In this case....I vote yes.
These strings should not match:
You said this because...?
I dream...
Suppose...oh, wait.
I have difficulty reading Perl constructs such as negative lookahead assertions, and my understanding is they don't work in this case anyway:
\.\.(?!\.)
So, yeah, I'm hoping for something that might be more readable in Raku. Thx.
Turns out this is pretty simple in Raku:
/ [ ^ | <-[.]> ] [ \. ** 4..* | \. ** 2 ] [ <-[.]> | $ ] /
Reading the code, the regex asks for three []
groupings:
a []
grouping of ^
start-of-line |
or <-[.]>
a custom -
negative character class consisting of anything-other-than .

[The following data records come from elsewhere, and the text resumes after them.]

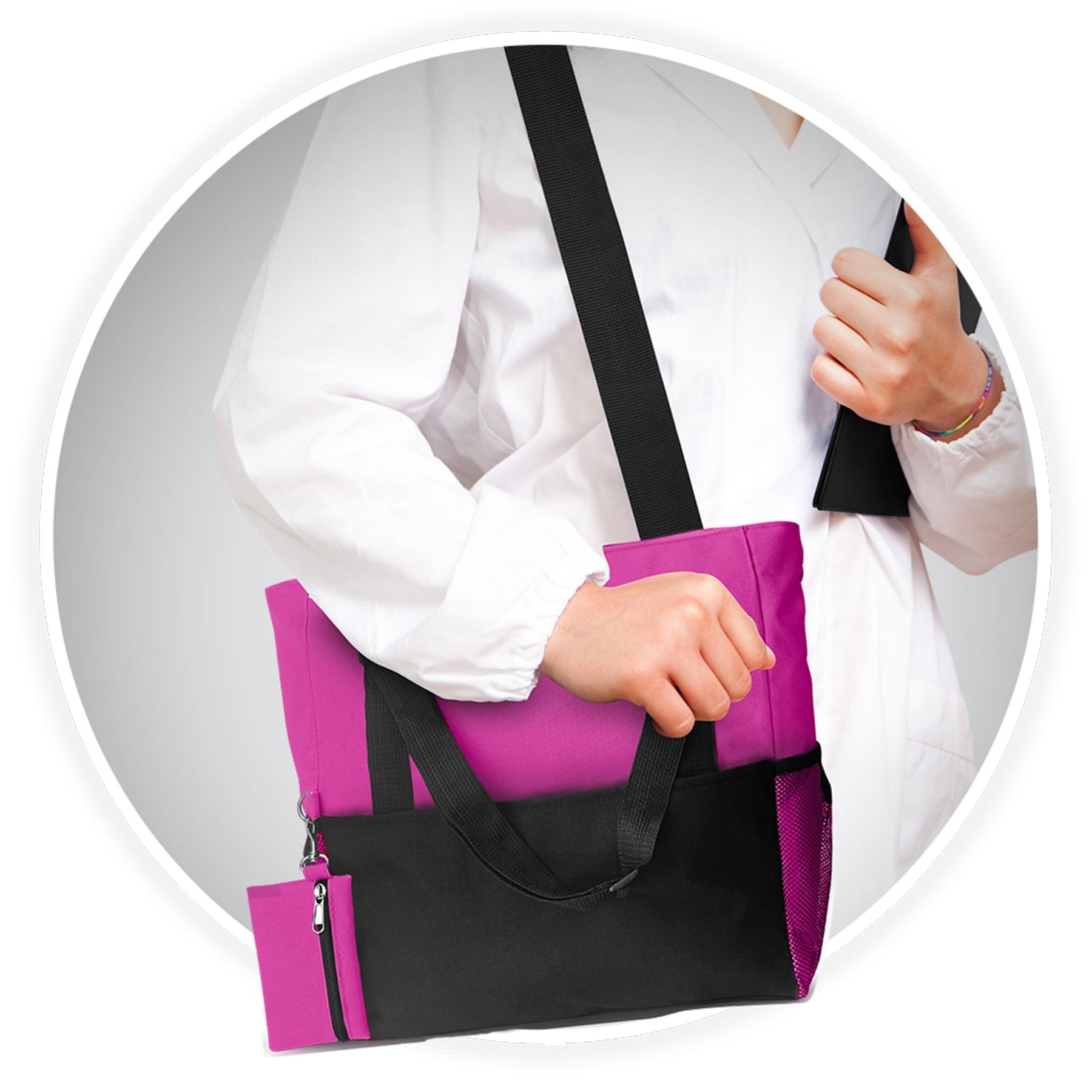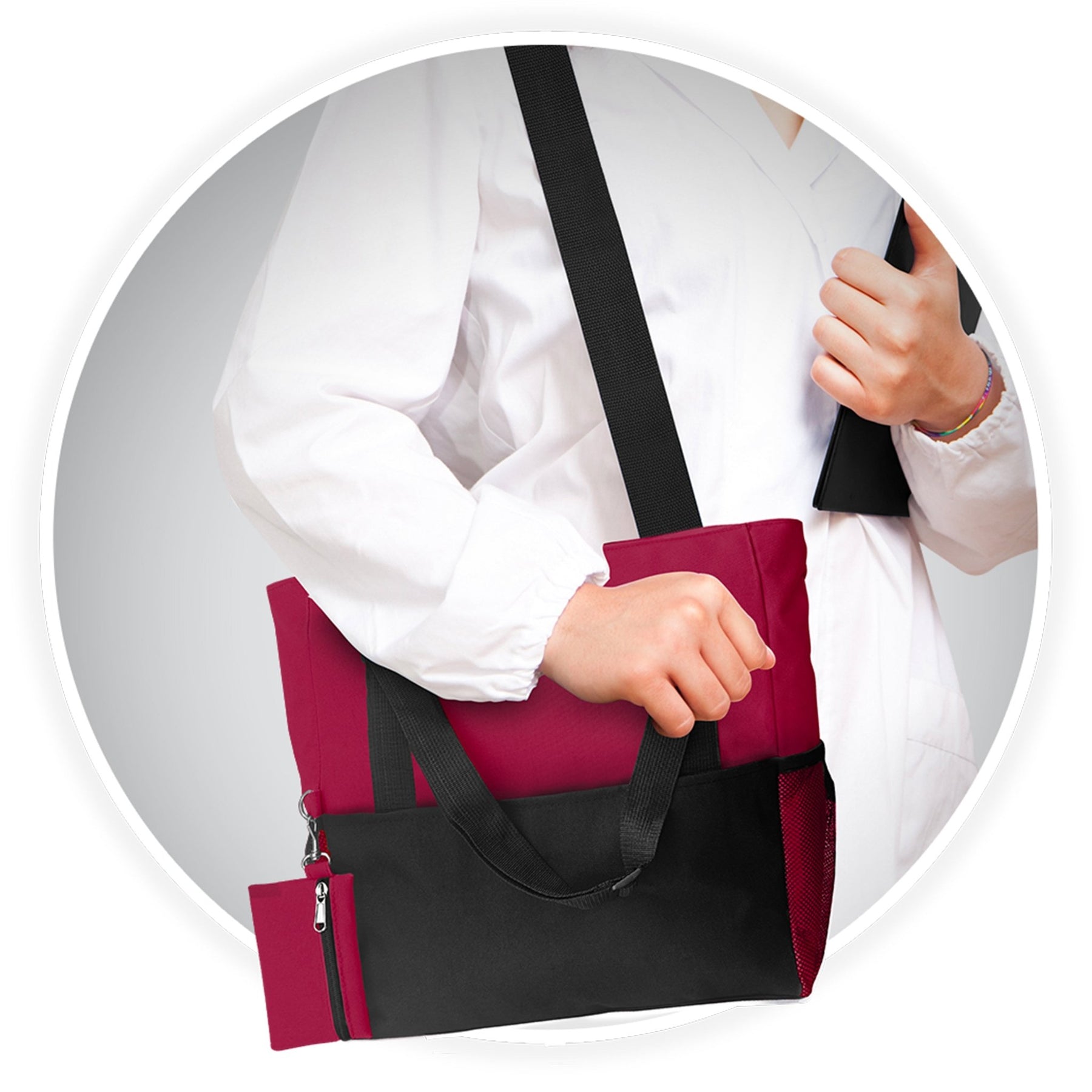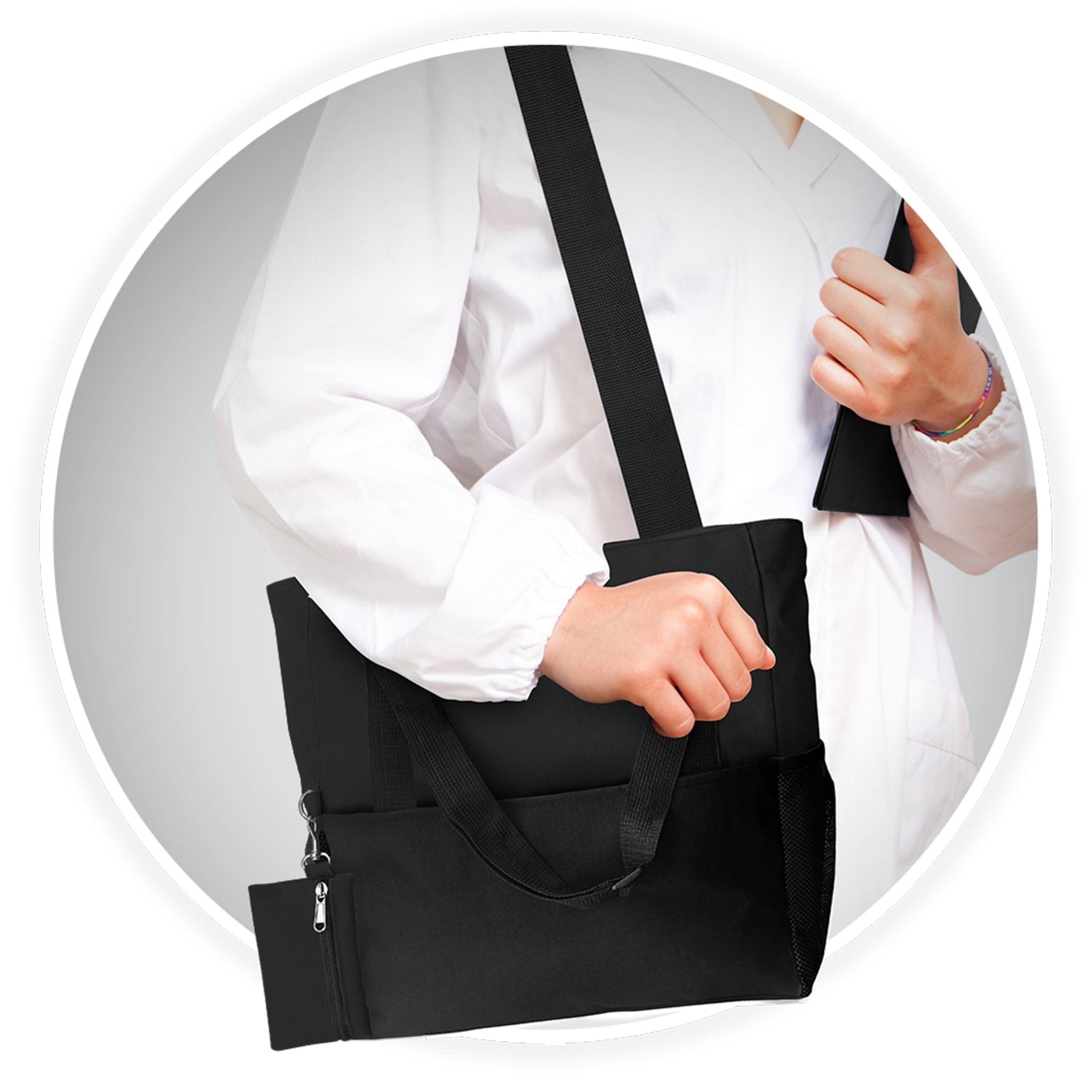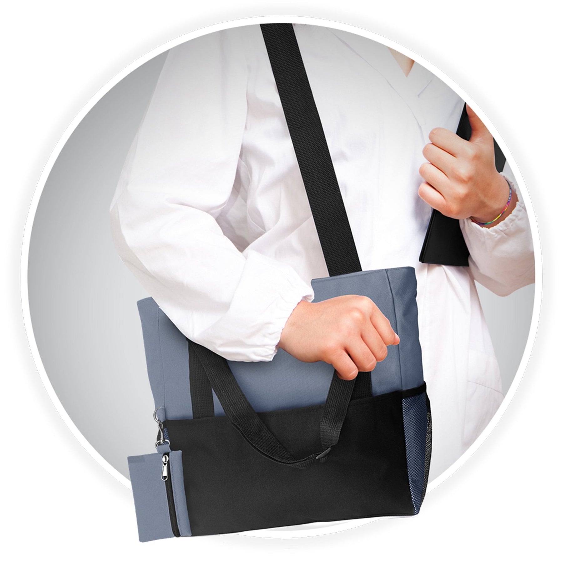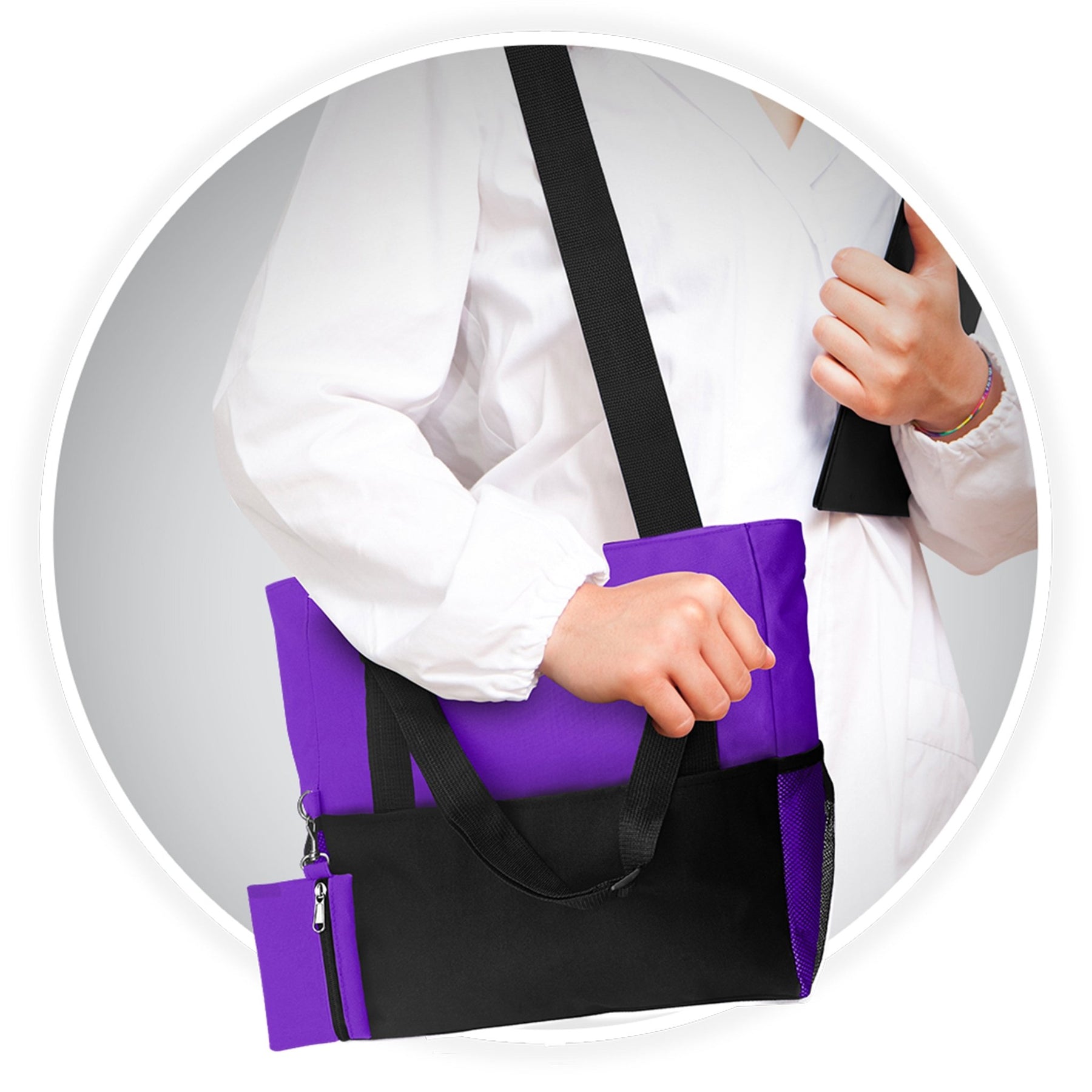 Style Meets Utility Stay organized on the go with the ASA Techmed Shoulder Travel Nursing Tote Bag. Designed for medical professionals, students, and commuters, this spacious carrier (18.5" L x 13" H x 7.5" W) provides ample room for work essentials, medical supplies, textbooks, or gym gear while remaining lightweight and easy to carry.
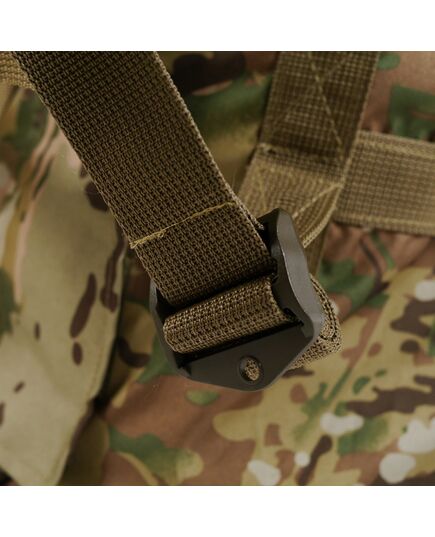 Для более удобного использования наполненного баула предусмотрен фастекс, который застегивает на груди 2 лямки в положении рюкзака.
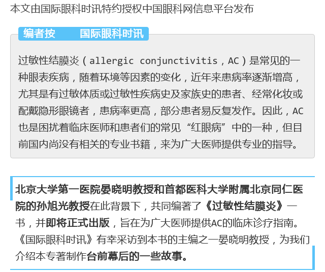 新闻中心 您的当前位置:首页 > 新闻中心 > 匠心凸显,共谱专著; 匠心凸显,共谱专著;精心铸造,服务医患——《过敏性结膜炎》首席主编晏晓明教授专访-----2018-02-27 发布时间:2018-02-27 来源:国际眼科时讯 作者: 原文链接 更多新闻请点击: http://www.yanke360.com/news/
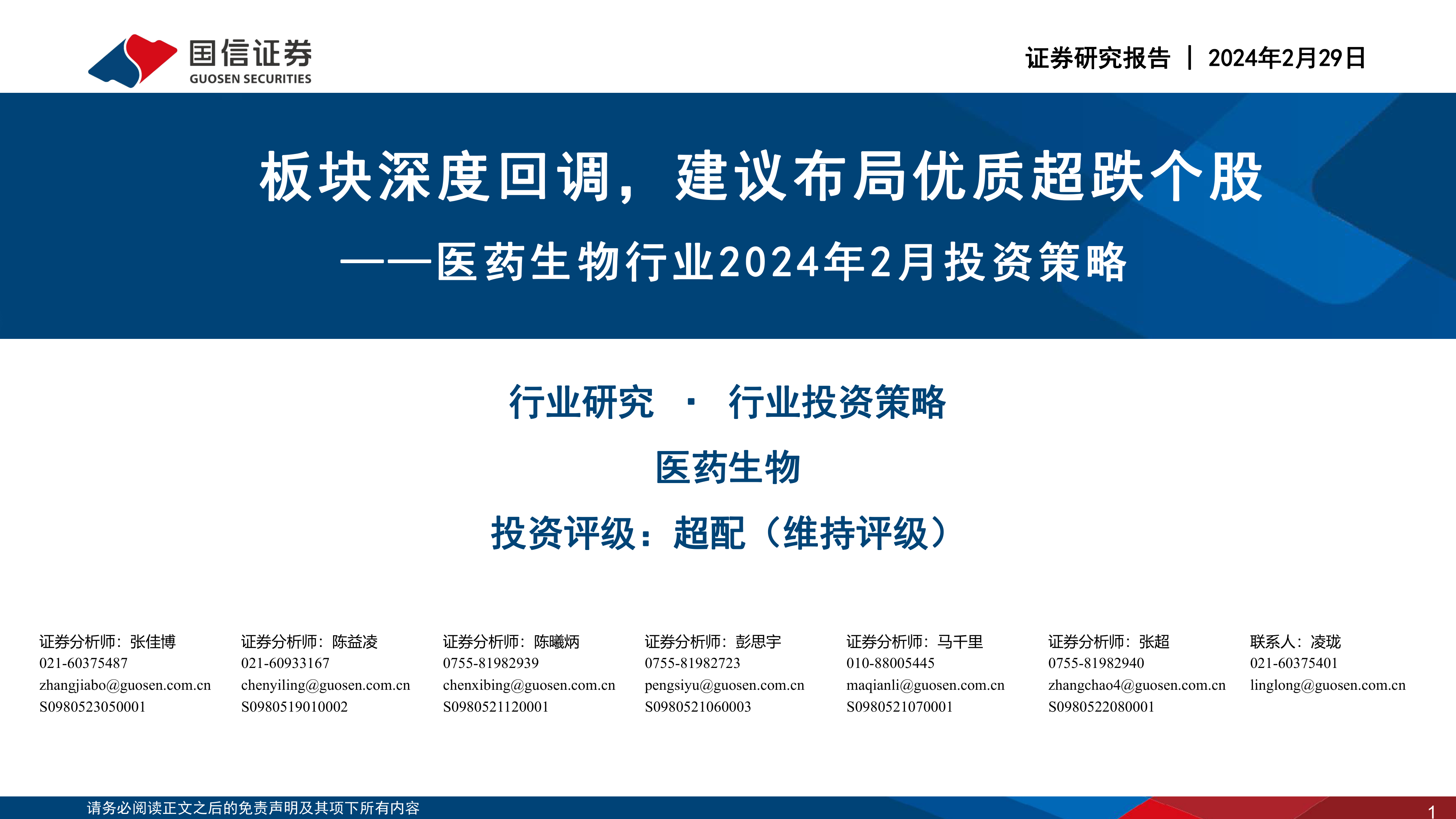 医药生物行业2024年2月投资策略:板块深度回调,建议布局优质超跌个股

dot, immediately followed by
a []
grouping of 4..*
four-or-more .
dots |
or 2
two-dots, immediately followed by
a []
grouping of <-[.]>
a custom -
negative character class consisting of anything-other-than .
dot |
or $
end-of-line.
Sample Input (1):
These strings should match:
Yes.. Please go away.
I have the ball..
In this case....I vote yes.
These strings should not match:
You said this because...?
I dream...
Suppose...oh, wait.
Sample Output (using Raku one-liner):
~$ raku -ne '.put if / [ ^ | <-[.]> ] [ \. ** 4..* | \. ** 2 ] [ <-[.]> | $ ] /;' file
Yes.. Please go away.
I have the ball..
In this case....I vote yes.
Additional notes: Above is a grep-like answer that returns lines if they contain a desired dot-length( 2 dots, 4-or-more dots) What to do if an undesired dot-length (e.g. 3 dots) is present in the same line as a desired dot-length? Below shows code that removes these (complex) lines:
~$ raku -ne '.put if / \. ** 2..* / and not / [ ^ | <-[.]> ] \. ** 3 [ <-[.]> | $ ] /;' file
The (second) Raku code block immediately above removes each of the lines below:
These strings should not / do not match:
You said this because...?
I dream...
Suppose...oh, wait.
foo...bar.. (three-dots-then-two)
one period should not match.
...
...foo
bar...
foo..bar...baz (two-dots-then-three)